The United States runs by a system of checks and balances. If the executive and the legislative branches disagree, then the argument is decided by the courts. The courts are supposed to base their decision on the rule books, the trump belonging to the Constitution of the United States.

That’s all fine for the political infighting that takes place in government. But what if the governmental forces unite, and wage war on the citizens?

What if your legislative branch can’t be bothered with the excesses of the executive branch? What if they’re too worried about getting reelected? What if they’re beholden to the executive branch, because the local gendarmes let them slide on a DWI, or turned their son loose with a warning after he got caught vandalizing school property?

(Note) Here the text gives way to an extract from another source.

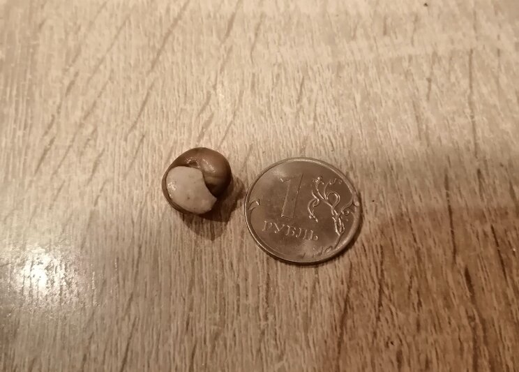 Думаю, ну точно умерла. Виноградные улитки способны выдерживать до -10, но на короткое время. А тут минимум 2 ночи да еще и другие деньки не из теплых. Конечно, улитка запечатала устье раковины белой слизью, которая позволяет сохранить тело и минимизирует потери во время спячки. Но сильно ли ей это помогло? На вид - как обычный камешек.

Can we pretend that, at the local level, our local pols exert any influence whatsoever over the police? Because that’s what we’re talking about. In El Paso, the executive branch is manifested by the El Paso Police Department, and the legislative branch is our elected officials.

Do you think there are any checks and balances there?

Ha!

Well, in the United States of America, we have a failsafe to ensure that everyone plays by the rules. In the United States, we have a free and unfettered press. Their civic duty is to investigate government, and hold them accountable.

Recently, Mexican reporters have been murdered and disappeared for reporting on links between the government and the narcos. Mexican reporters are a lot more idealistic than their American counterparts.

Did you read this story in the El Paso Times about the police releasing a father and son who were arrested for murder? Or how about this account of a police shooting on lower Dyer?

Don’t you think that there was more to those stories than what was addressed in a police press report? Aren’t there questions there that you’re curious about? That should be asked and answered?

Was there any editorial outrage over the police shooting by, and subsequent no-billing of, an El Paso Police officer who shot a prone and handcuffed prisoner in the sallyport of the El Paso County Jail?

There is a lot more to these stories than what El Pasoans can read in their English language daily.

Also, don’t you think those stories would generate good copy? Wouldn’t the controversy sell newspapers, or enhance page views?

Maybe El Paso police aren’t trigger happy and prone to excess. But, with no investigation and no transparency, how would we know?

Your City Representative, or Mayor, should be addressing these concerns. But it you put all of City Council together, you’d still be twelve vertebrae short of a backbone.

Do you think the El Paso Times is fulfilling its obligation to the community to hold our government in check? If we’re lucky they report it, but they never raise a fuss. Maybe some of these stories deserve a little fuss. Maybe El Pasoans deserve some answers.

With a complacent press, where is the incentive to improve? If no one asks the questions, how will we ever get the answers we deserve?

3 comments

  1. I agree with your position that our local government is no longer serving us as citizens, but your breakdown of what makes up that government misses a very important item. We, in El Paso, no longer have an “executive” branch, because we allowed some fast talkers, and apathetic voters to dump our strong Mayor form of government. That office of Mayor is supposed to be our local executive branch, but we gave the whole kit ‘n kaboodle away! Our City Manager’s office should now have that power, and may well, but it turns out that the office – as designed/formulated/passed along by Joyce Wilson – has no interest in serving the taxpayers or the voters. And, this is why we no longer have any say in our local government.

    1. You’re jumping the gun, Rex. Wait till noon.

      Oh, hell, I’ll just post it now.